Again, we don't disagree in general.  My point is that a read "over there" to
a new place is going to take > 100ns.  Another read "over there" might be
blazingly fast.  If I do it...  But when I get a "wild hair" to read something
"over there" it is going to be expensive.


>
>>Someone in r.g.c.c. argued the same point.  But when he ran the above test,
>>he came back and reported "You are correct, I get 135ns latency, not the
>>60 I was expecting"
>
>I am not someone in the r.g.c.c., and what I have said approximately agrees with
>your figure. I realize now that I did not include the latency from the
>northbridge to the CPU, which accounts for the larger figure. However, the
>figure is still smaller than 135 ns in most cases.

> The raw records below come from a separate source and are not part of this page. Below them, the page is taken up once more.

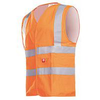 Vest voor goede zichtbaarheid zonder mouwen, V-hals. Sluiting met klittenband. Brandwerende reflecterende banden (50 mm). Antistatisch en slipvast. Doorgestikte naden.
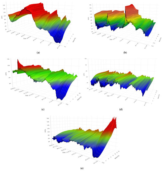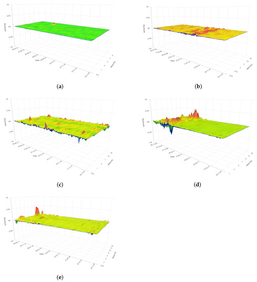 Surface of daily residuals for the yield curve obtained with the 5F–DRF in the BRICS bond market of Brazil (a), Russia (b), India (c), China (d), South Africa (e).
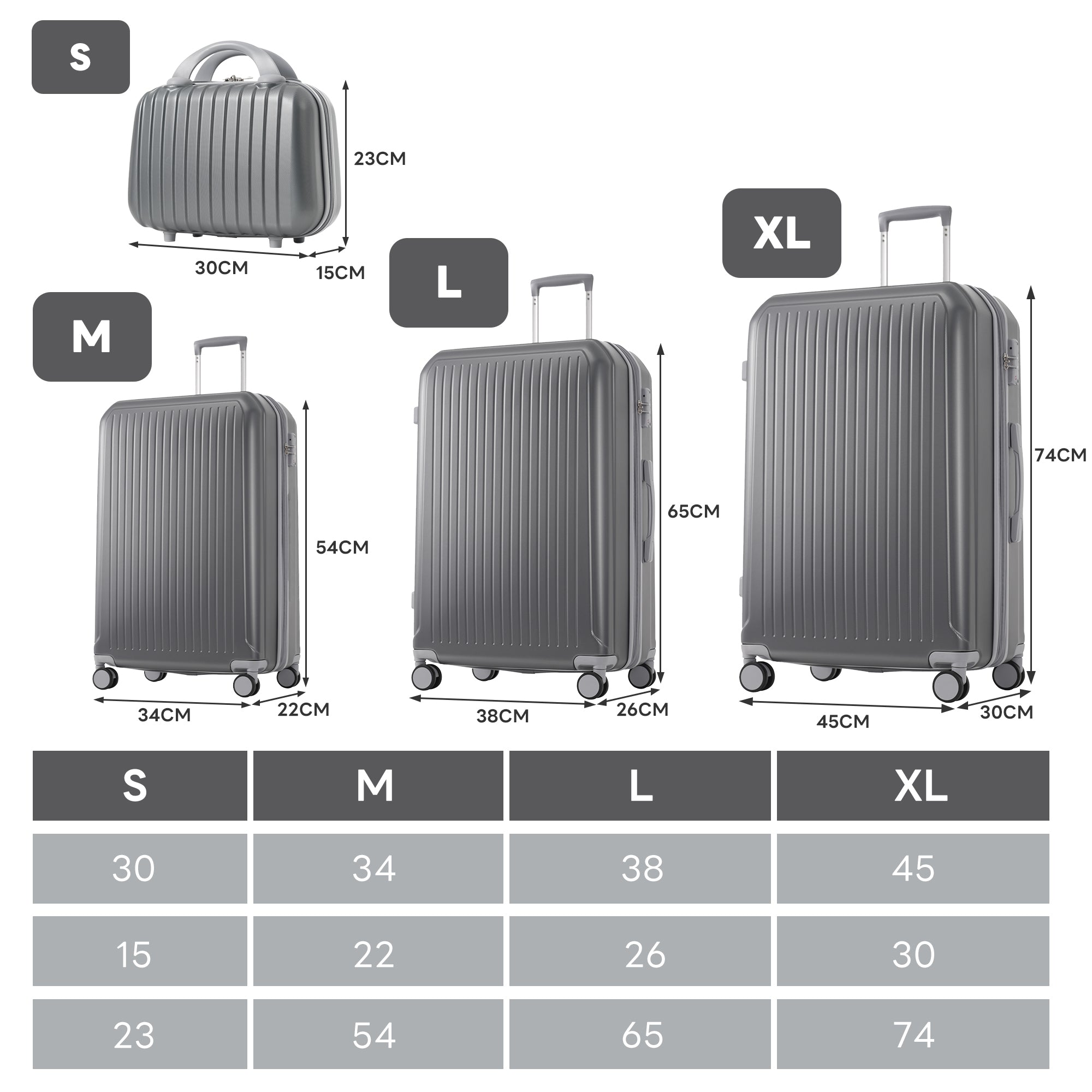 Four-piece set: Includes S (14-inch trolley vanity case), M (20-inch), L (24-inch), and XL (28-inch) suitcases, suitable for short trips, long-distance trips, and family outings.

I think the 135 figure came from RDRAM.  non-rambus was closer to 110/120 or
so...

>
>Yes, a -random- probe will incur around that much latency. I have dotted my i's
>and crossed my t's here and been careful to state every time that the smaller
>figure is when you don't need to relatch the row. Not all applications require
>random probes. A few do some random probes and a lot of serial access.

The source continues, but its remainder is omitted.